Hajatan mewah yang digelar Kepala Kemenag Jombang Taufiq Abdul Djalil dinilai melanggar protokol kesehatan. Pelanggaran tersebut terjadi karena sejumlah kesalahan pada tahap pelaksanaan hajatan. Satgas Penanganan pun COVID-19 diminta berbenah.

Ketua IDI Jombang dr Achmad Iskandar Dzulqornain mengatakan, pihaknya telah meminta keterangan dari pemilik hajatan dan panitia. Menurut dia, Taufiq telah berkoordinasi dengan Satgas Penangan COVID-19 Kabupaten Jombang sebelum menggelar resepsi pernikahan putrinya. Selain mengajukan izin, Kepala Kemenag Jombang itu juga menyodorkan konsep-konsep hajatan tersebut digelar dengan mematuhi protokol kesehatan.

"Konsepnya saya kira sudah ok. Kelihatannya pelaksanaannya yang bermasalah. Misalnya tentang jaga jarak. Kalau tamunya bareng-bareng datang, akhirnya bergerombol. Rupanya petugas bagian mengamankan jarak tidak melaksanakan tugasnya dengan baik. Kedua tentang masker, panitia yang bertugas tidak mengambil sikap tegas, misalnya menolak (Tamu yang tak pakai masker) atau membagikan masker," kata dr Iskandar saat dikonfirmasi wartawan, Selasa (6/10/2020).

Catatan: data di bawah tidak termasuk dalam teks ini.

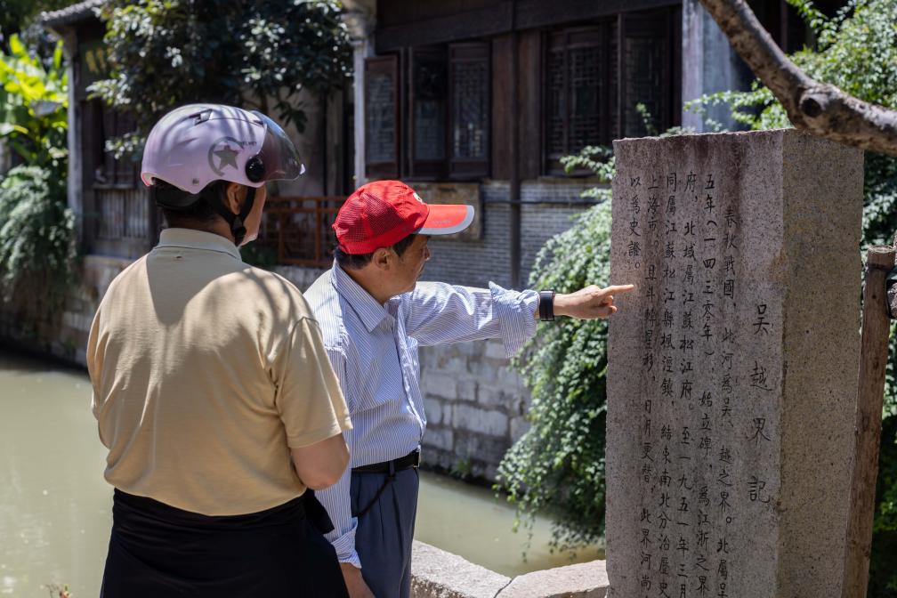 人们在枫泾古镇的吴越界石碑旁驻足观看。新华社记者王翔摄
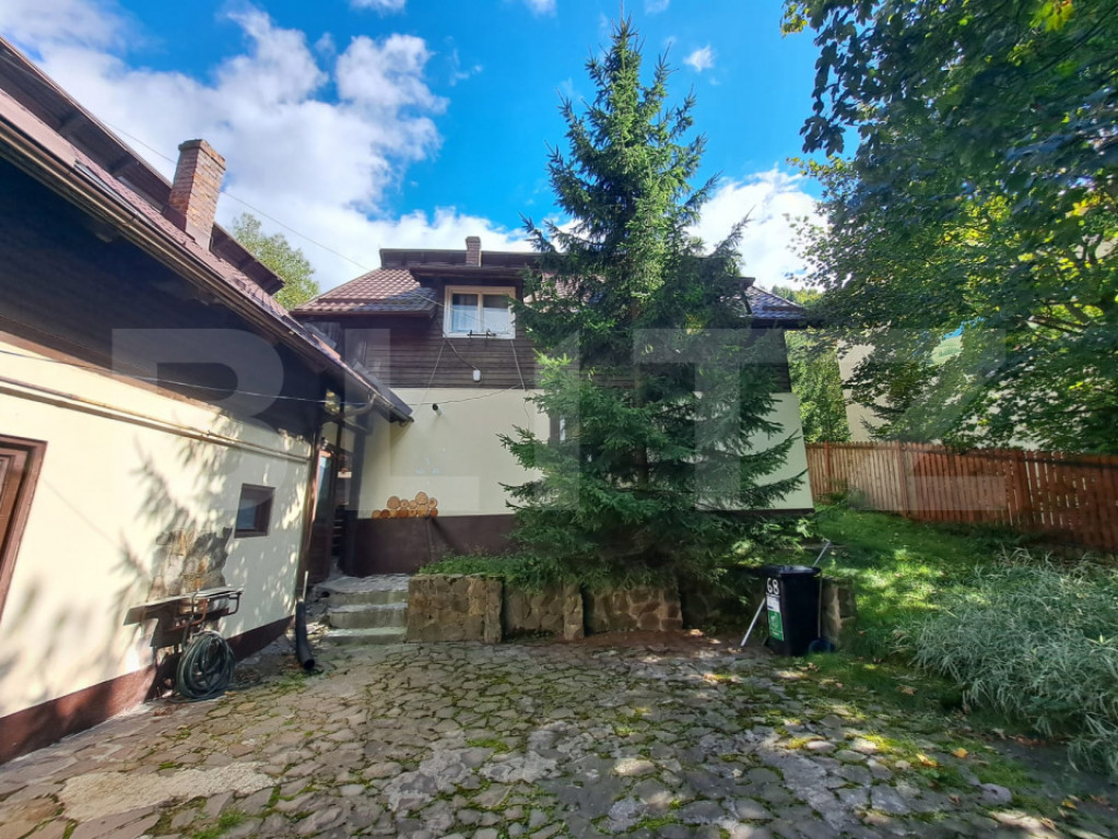 Pensiune / Proprietate turistică Moieciu – 2 corpuri, teren cu izvor propriu De vânzare proprietate deosebită în Moieciu, amplasată chiar pe DN 73F, cu acces facil și potențial ridicat de investiție în turism sau rezidențial. ???? Două corpuri de clădire (P+M+Pod): Corp 1 (112 mp): living, 6 dormitoare, bucătărie, debara, 3 băi, pivniță. Corp 2 (101 mp): living, 3 dormitoare, bucătărie, cămară, 2 băi. ???? Facilități & dotări: Izvor propriu cu hidrofor + curte traversată de apă curgătoare. Racord la electricitate, internet, supraveghere video, firmă de pază. Gaz: Corp 2 racordat, Corp 1 cu aviz obținut. Canalizare: momentan fosă septică, urmează racordarea la rețea publică (proiect finalizat de autorități). Curte amenajată cu brazi, vegetație montană și loc de grătar. ???? Avantaje investiționale: Proprietatea a funcționat ca pensiune („La Izvoare”) – cunoscută și apreciată. Poate fi reinclusă rapid în circuitul turistic. Zonă turistică premium: Bran, Râșnov, Cheile Grădiștei, Piatra Craiului, Bucegi. ???? Interior rustic, specific de cabană montană. Corpul 2 locuibil imediat, Corpul 1 necesită reparații majore sau demolare ???? Preț avantajos pentru zonă. Ideal pentru pensiune, casă de vacanță sau reședință permanentă. Cod ofertă / ID BLITZ: P153409 Id intern: P153409

Ia menjelaskan, sesuai ketentuan Peraturan Bupati Jombang No 57 tahun 2020 tentang Penerapan Disiplin dan Penegakan Hukum Protokol Kesehatan sebagai Upaya Pencegahan dan Pengendalian COVID-19, hajatan wajib digelar dengan mematuhi protokol kesehatan. Penyelenggara hajatan juga wajib membatasi tamu undangan maksimal 50 persen dari daya tampung ruangan.

Iskandar menilai ketentuan terkait daya tampung ruangan untuk menggelar hajatan, belum jelas. "Menghitung kapasitas ruangan tidak mudah. Ballroom Hotel Yusro katanya untuk 1.000 orang. Itu kondisi bagaimana? Kalau separuh lebih terpakai untuk tempat hiburan, konsumsi, ruang yang tersedia lebih kecil. Ini menjadi pelajaran gugus tugas dan masyarakat, yang dimaksud kapasitas ini bagaimana? Konteks jaga jarak kan ruangan untuk bergerak dan berlalu lalang," terangnya.